BERLIN – Panasonic Corp. plans to keep its liquid crystal display business even after rivals Sony Corp., Toshiba Corp. and Hitachi Ltd. agreed this week to divest their LCD units amid intensifying competition from South Korean and Taiwanese producers.
LCDs represent a “tough business but it’s a strategic business,” Panasonic’s head of European operations, Laurent Abadie, said in an interview Thursday in Berlin.
Panasonic, based in Osaka, aims to generate 60 to 70 percent of its revenue in Europe from environmentally friendly offerings such as energy-efficient home appliances by 2018, he said.
Panasonic, which last year posted its first annual profit in three years, announced fresh job cuts in April as it tries to transform itself into a leader of such products as solar panels and rechargeable batteries while competition in TVs stiffens.
The maker of Viera TV and Lumix cameras spent more than ¥460 billion purchasing stakes in Sanyo Electric Co. and Panasonic Electric Works Co. last year to boost its energy-related businesses.
The company, which in June said full-year profit would drop 59 percent, hurt by the March earthquake, is “working hard to review operating costs” and the measures will result in some “rationalizations,” Abadie said, without giving details.
Panasonic has no plans for further solar panel acquisitions, Abadie said at the IFA consumer electronics fair. “We’ll have to study on a case-by-case basis.
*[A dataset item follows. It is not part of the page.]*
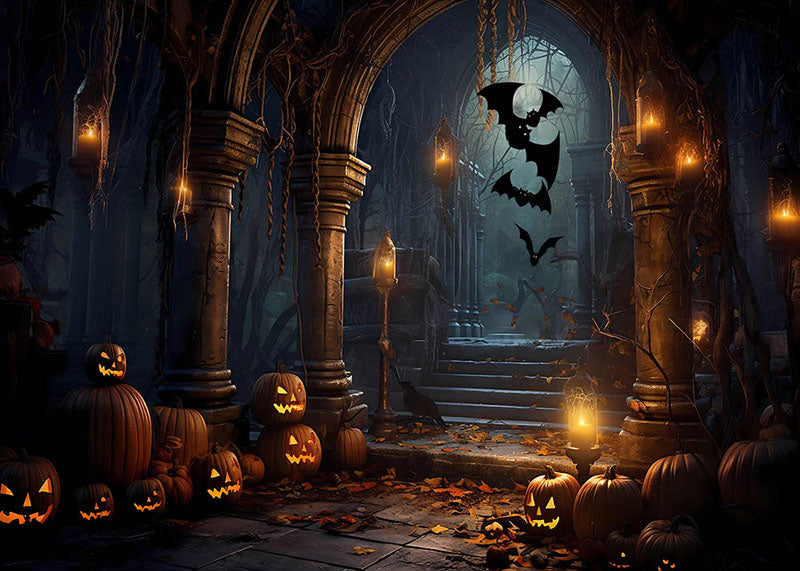Toile de fond de citrouille et de chauve-souris pour la photographie de la maison d'Halloween d'Avezano
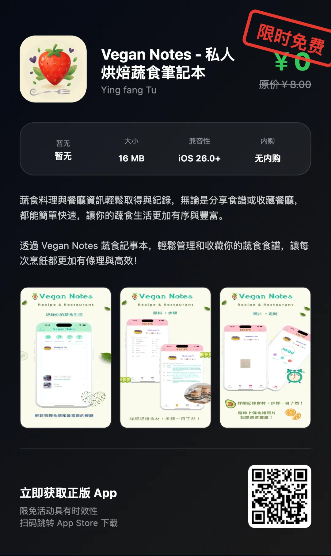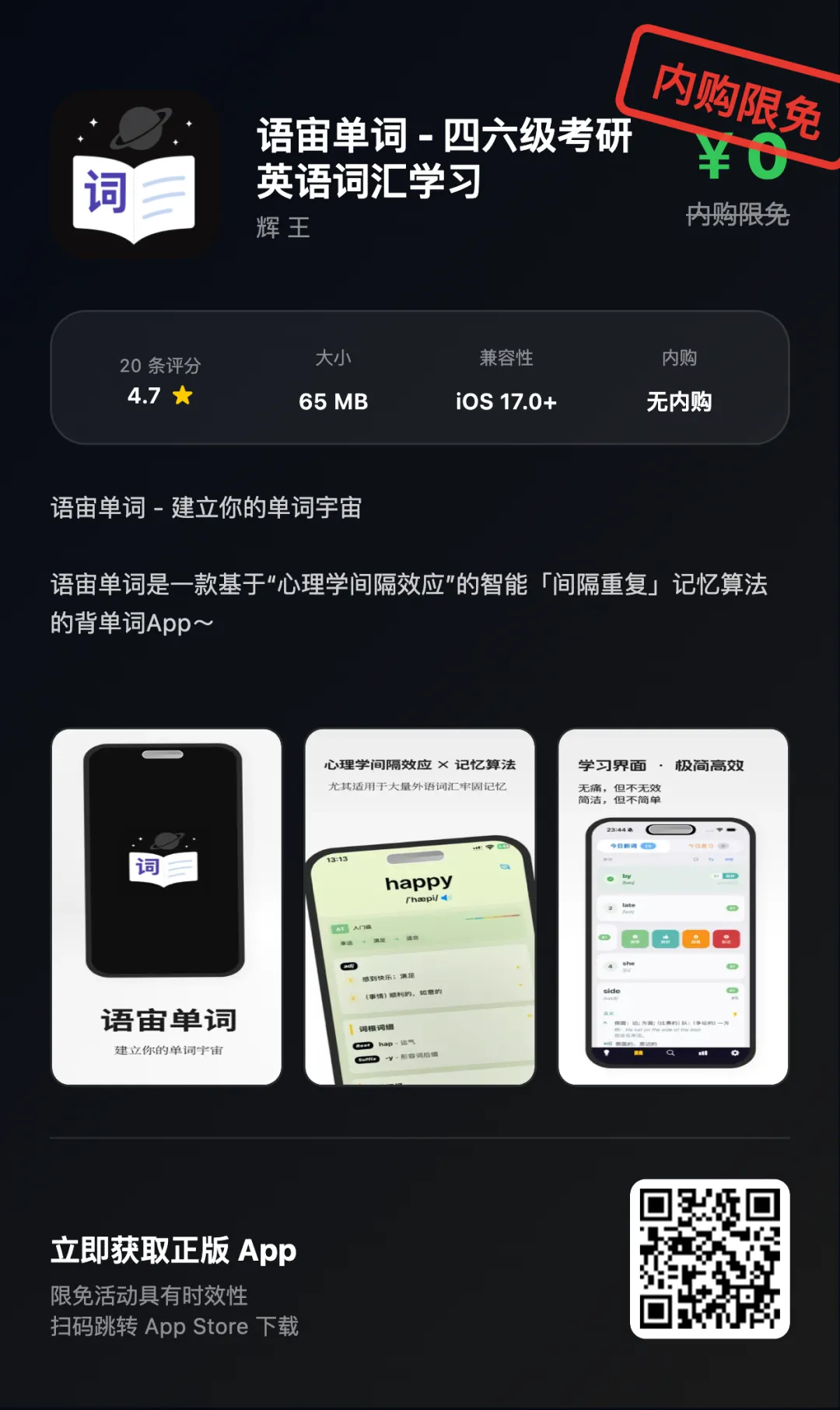 本次限免为限时活动,具体结束时间以App Store为准

Give us some time to digest Sanyo,” he said.
The Sanyo acquisition also resulted in some overlaps and Panasonic agreed to sell Sanyo’s washing machine and fridge unit in July. Abadie said there are no plans for further disposals.
The LCD deal involving Sony, Toshiba and Hitachi may create the world’s biggest maker of LCDs for mobile phones and cameras as Japanese firms struggle to compete against South Korea’s Samsung Electronics Co. and Taiwan’s Chimei Innolux Corp.